Юмористическая печать того времени вообще интересовалась шахматными соревнованиями. В петербургском журнале «Стрекоза» в тот же период появился шарж с подписью «Борьба шахматных великанов. Чигорин и Стейниц». На шахматном поле с расставленными вперемежку фигурами Чигорин в рыцарской броне с копьем в руках наступал на Стейница, оборонявшегося щитом и также направлявшего свое копье в грудь русского маэстро.

Как же протекал матч?

Начал борьбу Чигорин красивой победой, предприняв очень далеко рассчитанную жертву коня, которая затем чуть ли не полвека служила предметом оживленных споров аналитиков. На 19-м ходу была осуществлена жертва, а на 31-м ходу Стейниц сдался.

К сожалению, у Чигорина потом начали болеть зубы и одна из партий была даже им перенесена на другой день. Из следующих пяти партий он две проиграл и сделал три ничьих – небывалый дотоле случай в его практике. Ничьих он не любил, как черт ладана!

В следующих четырех партиях, когда полегчало с зубами, он добился трех побед при одной ничьей, завершив первую половину матча со счетом 6:4.

Однако во второй половине матча погода, которая вначале была сравнительно прохладной, сменилась жарой, и это сразу отразилось на качестве игры Михаила Ивановича. Он стал часто допускать ошибки, а то и прямые просмотры, а на финише матча их количество еще увеличилось. Стейниц же играл очень выдержанно, осторожно и полностью отказался от всяких спорных дебютных экспериментов, характерных для его предыдущих матчей. Он превосходно использовал ухудшение спортивной формы партнера, и во втором десятке партий матча выравнял счет: +8, –8, =4. Любопытно как показатель снижения выдержки Чигорина, что в этой серии не было уже ни одной ничьей!

Исход напряженной двухмесячной борьбы решили три последние партии. Двадцать первая партия матча, которую Чигорин, не то желая творчески польстить чемпиону мира, не то в виде неуместной спортивной бравады, начал гамбитом Стейница (началом ненадежным и некорректным и главное – детально знакомым противнику!), закончилась вничью.

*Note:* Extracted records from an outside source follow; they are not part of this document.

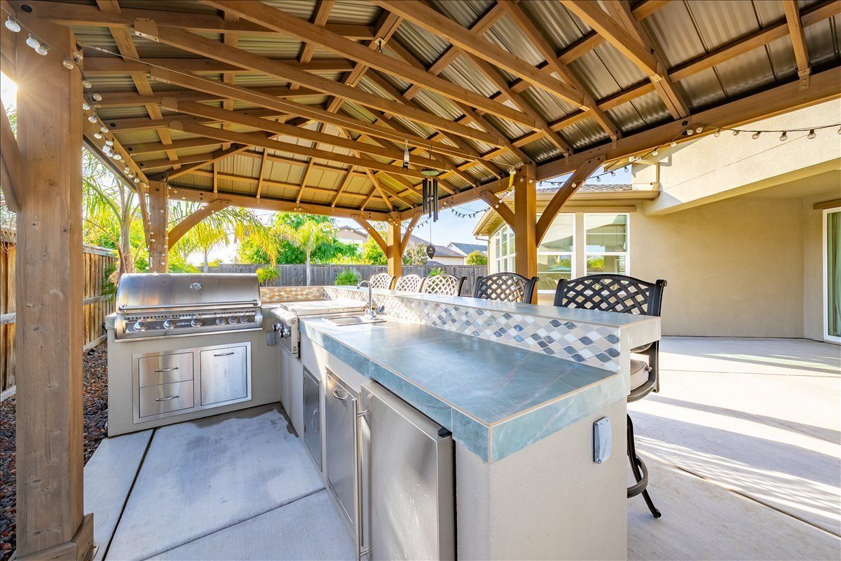 Resort style backyard with a sparkling solar heated saltwater pool with a custom rock waterfall and Cabo shelf, artificial and natural grass, multiple entertaining areas, a covered patio with ceiling fan, and a gazebo with an outdoor built-in kitchen with bar seating, a serving surface, a BBQ, a flat top grill, a refrigerator, and a sink.
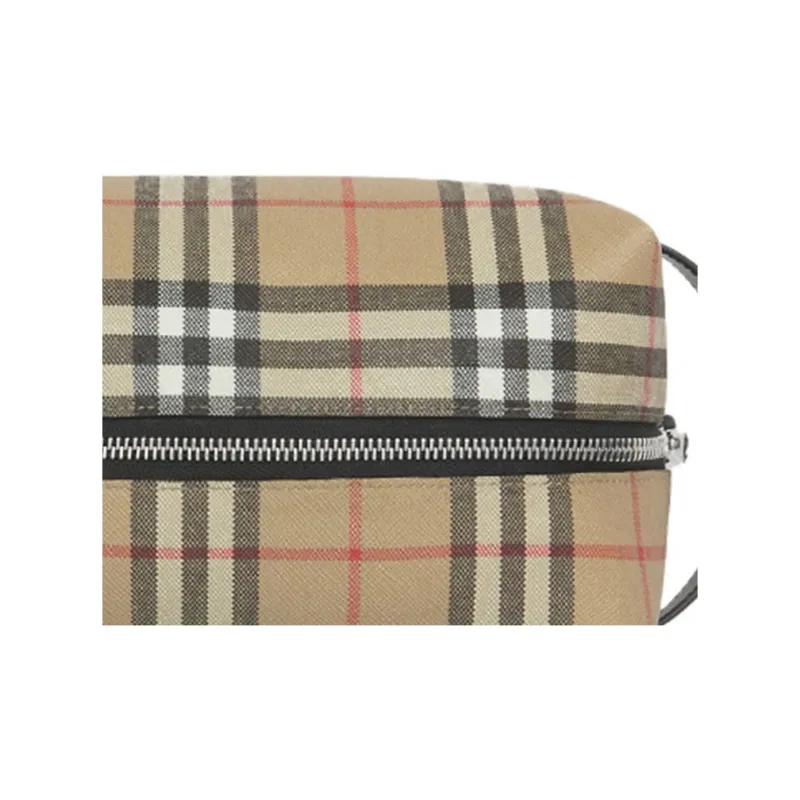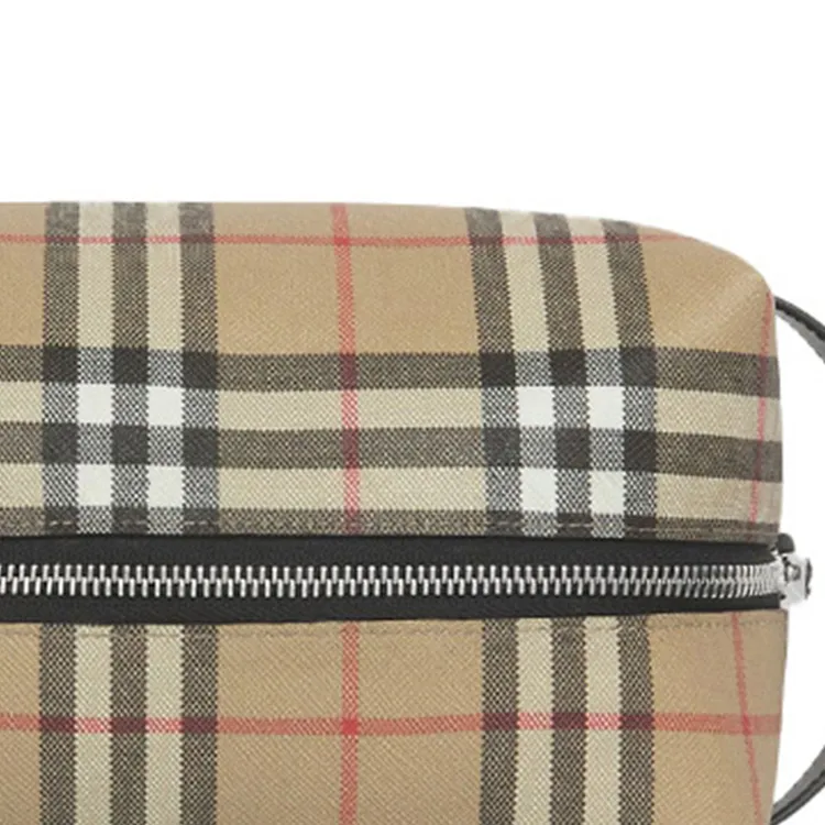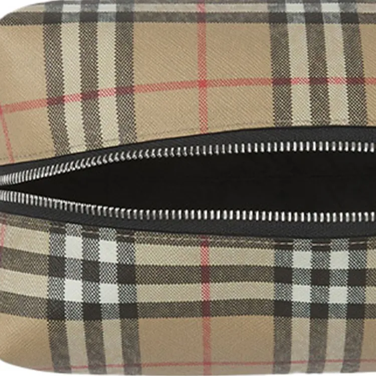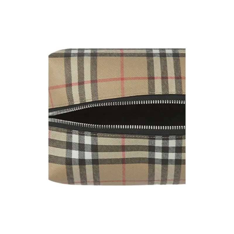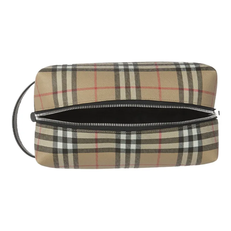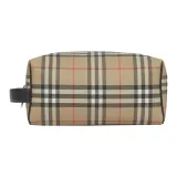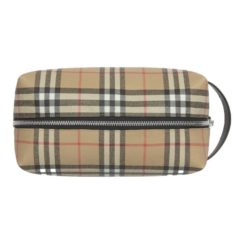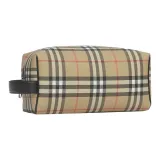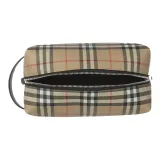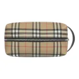 Burberry Винтаж Хлопок Коровья Кожа Полиуретан Клатч Путешественная Сумка Сумка для Хранения Унисекс Архивный Бежевый
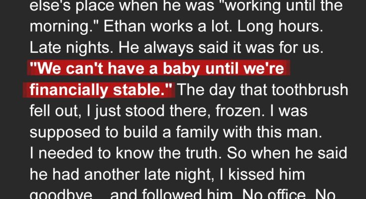 It fell out, quiet as a secret, onto the pristine white tiles of our bathroom floor. A toothbrush. Not mine. Not his usual one. This was a travel-sized, cheap plastic thing, still damp, and it had been tucked deep inside the pocket of my husband’s expensive suit jacket. My heart hammered like a trapped bird against my ribs. My first thought? HE WAS CHEATING. Brushing his teeth at someone else’s place when he was “working until the morning.” He works a lot. Long hours. Late nights. He always said it was for us. “Building our future, darling,” he’d whisper, kissing my forehead before he left, sometimes for days at a stretch.

Двадцать вторую партию Чигорин играл ниже всякой критики. На девятом ходу в хорошо известной позиции ферзевого гамбита он «зевнул» пешку, через несколько ходов потерял фигуру и после длительного сопротивления сдался. Счет матча стал +9, –8, =5 в пользу Стейница. Показательно для характеристики тонкого спортивно-психологического подхода чемпиона мира к противнику, что в начале матча он ни разу не избирал ферзевого гамбита, но на финише применял его в восемнадцатой, двадцатой и двадцать второй партиях, причем во всех трех встречах одержал победы! Чигорин разыгрывал ферзевый гамбит гораздо лучше, чем в матче 1889 года, но потом – в поздней стадии дебюта и в миттельшпиле – допускал просмотры и вообще играл необычайно вяло и пассивно.

Наблюдать за двадцать третьей партией матча пришла огромная толпа гаванских любителей. Темпераментные кубинцы заключали пари об исходе этой встречи. Все понимали, насколько важно Чигорину выиграть партию. Тогда начался бы новый короткий, решительный матч до трех выигранных партий.

Чигорин блестяще вел атаку и уже к 27-му ходу добился выигрышной позиции. Но в дальнейшем он очень волновался и дважды упустил форсированный выигрыш, хотя и при этом сохранил решающий материальный перевес – лишнюю фигуру. Но позиция была очень острая, и чемпион мира продолжал сопротивление в расчете на счастливую случайность. Но произошло нечто еще более невероятное, о чем красочно рассказал в корреспонденции из Гаваны кубинский маэстро Васкес:

«Едва ли мы сможем когда-нибудь забыть этот роковой момент! Больше тысячи зрителей присутствовало на двадцать третьей партии. Все оживленно обсуждали блестящую кампанию Чигорина и ожидали, что Стейниц вот-вот сдаст партию. И вдруг началось необычайное волнение! Публика повскакала с мест, увидев, что русский маэстро, нервный, с изменившимся лицом, в ужасе схватился за голову. Без всякой необходимости он отвел слона, защищавшего его короля от мата.